Background: A predominant Th17 population and impaired Treg function is the marker of nasal polyposis (NP) in Chinese patients. TGF-β1, a multifunction cytokine, is a vital factor involved in inducing or restricting specific Th cell development. However, its role in NP has still not been well understood.
Methods: In a double-blind trial, 30 subjects were randomized into 2 groups (15 steroid-treated NP, 15 untreated NP), and 15 normal subjects were allocated as control group. We analyzed the expression of TGF-β1, p-Smad2, p-STAT3, Smad7, SOCS3, IL-10, IL-17A, Foxp3, and RORc in the NP tissue of Chinese patients using mRNA and protein detection methods.

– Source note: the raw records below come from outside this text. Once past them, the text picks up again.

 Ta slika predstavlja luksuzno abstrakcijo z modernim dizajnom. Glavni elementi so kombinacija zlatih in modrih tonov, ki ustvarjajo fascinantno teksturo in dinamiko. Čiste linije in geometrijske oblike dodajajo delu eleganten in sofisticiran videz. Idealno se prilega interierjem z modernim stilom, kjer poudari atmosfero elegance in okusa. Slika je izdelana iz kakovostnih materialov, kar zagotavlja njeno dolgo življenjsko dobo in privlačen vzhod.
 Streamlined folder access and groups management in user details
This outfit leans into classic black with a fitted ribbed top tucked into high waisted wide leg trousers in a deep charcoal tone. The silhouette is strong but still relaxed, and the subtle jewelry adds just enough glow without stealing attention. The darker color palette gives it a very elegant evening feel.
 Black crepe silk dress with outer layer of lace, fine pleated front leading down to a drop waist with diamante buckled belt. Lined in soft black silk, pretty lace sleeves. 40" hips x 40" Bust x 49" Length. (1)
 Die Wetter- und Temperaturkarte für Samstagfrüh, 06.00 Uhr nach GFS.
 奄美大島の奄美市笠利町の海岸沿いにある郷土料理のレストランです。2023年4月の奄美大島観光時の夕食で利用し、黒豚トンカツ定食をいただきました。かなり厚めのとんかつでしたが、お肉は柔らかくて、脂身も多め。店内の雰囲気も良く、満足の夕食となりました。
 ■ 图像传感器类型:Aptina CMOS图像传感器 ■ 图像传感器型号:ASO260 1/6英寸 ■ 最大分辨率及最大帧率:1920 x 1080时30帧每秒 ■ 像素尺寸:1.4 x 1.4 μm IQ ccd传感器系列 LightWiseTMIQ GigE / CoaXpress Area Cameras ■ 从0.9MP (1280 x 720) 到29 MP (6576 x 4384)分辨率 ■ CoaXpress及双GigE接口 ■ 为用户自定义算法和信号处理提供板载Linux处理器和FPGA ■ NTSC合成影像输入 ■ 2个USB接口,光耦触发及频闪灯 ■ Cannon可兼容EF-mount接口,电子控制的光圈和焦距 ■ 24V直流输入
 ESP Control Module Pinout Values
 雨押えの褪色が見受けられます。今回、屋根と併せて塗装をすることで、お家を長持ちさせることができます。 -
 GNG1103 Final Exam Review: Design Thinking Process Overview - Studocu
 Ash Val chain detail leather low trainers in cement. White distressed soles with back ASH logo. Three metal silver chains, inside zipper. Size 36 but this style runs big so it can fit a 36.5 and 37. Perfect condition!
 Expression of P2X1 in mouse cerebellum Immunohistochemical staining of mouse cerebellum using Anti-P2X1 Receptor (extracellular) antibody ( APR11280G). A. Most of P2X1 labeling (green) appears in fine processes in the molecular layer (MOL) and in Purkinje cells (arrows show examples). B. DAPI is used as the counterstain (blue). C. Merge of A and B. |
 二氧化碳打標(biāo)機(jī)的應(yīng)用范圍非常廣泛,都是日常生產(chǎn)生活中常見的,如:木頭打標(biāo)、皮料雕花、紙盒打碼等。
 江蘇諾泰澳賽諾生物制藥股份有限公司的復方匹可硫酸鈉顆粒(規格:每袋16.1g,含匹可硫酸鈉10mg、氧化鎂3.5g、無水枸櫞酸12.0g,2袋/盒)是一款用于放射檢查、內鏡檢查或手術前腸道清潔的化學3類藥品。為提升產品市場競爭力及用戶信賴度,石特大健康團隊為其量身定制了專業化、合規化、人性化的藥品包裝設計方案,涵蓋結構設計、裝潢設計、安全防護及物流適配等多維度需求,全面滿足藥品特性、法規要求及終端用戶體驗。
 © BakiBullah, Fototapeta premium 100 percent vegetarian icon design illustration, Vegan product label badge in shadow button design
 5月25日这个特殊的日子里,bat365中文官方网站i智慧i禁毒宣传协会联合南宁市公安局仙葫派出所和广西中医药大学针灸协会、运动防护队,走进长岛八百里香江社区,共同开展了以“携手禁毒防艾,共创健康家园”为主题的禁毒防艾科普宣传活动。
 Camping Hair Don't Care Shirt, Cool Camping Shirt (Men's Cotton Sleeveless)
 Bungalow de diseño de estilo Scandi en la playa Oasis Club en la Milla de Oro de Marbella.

Results: TGF-β1, p-Smad2, IL-10, SOCS3, and Foxp3 expression was higher in steroid-treated NP patients than in untreated NP patients. Conversely, expression of p-STAT3, Smad7, IL-17A, and RORc was higher in untreated NP patients than in steroid-treated NP patients, demonstrating that TGF-β1 was more likely to contribute to Treg commitment in Chinese NP patients after intranasal steroid treatment.
Conclusions: TGF-β1 may be a signature Treg cytokine, which is valuable for obtaining a clear understanding of the pathogenesis of NP. Moreover, intranasal steroid treatment attenuated the chronic inflammatory response in these patients by promoting Smad-dependent Treg functions and reducing STAT3-mediated Th17 reactions.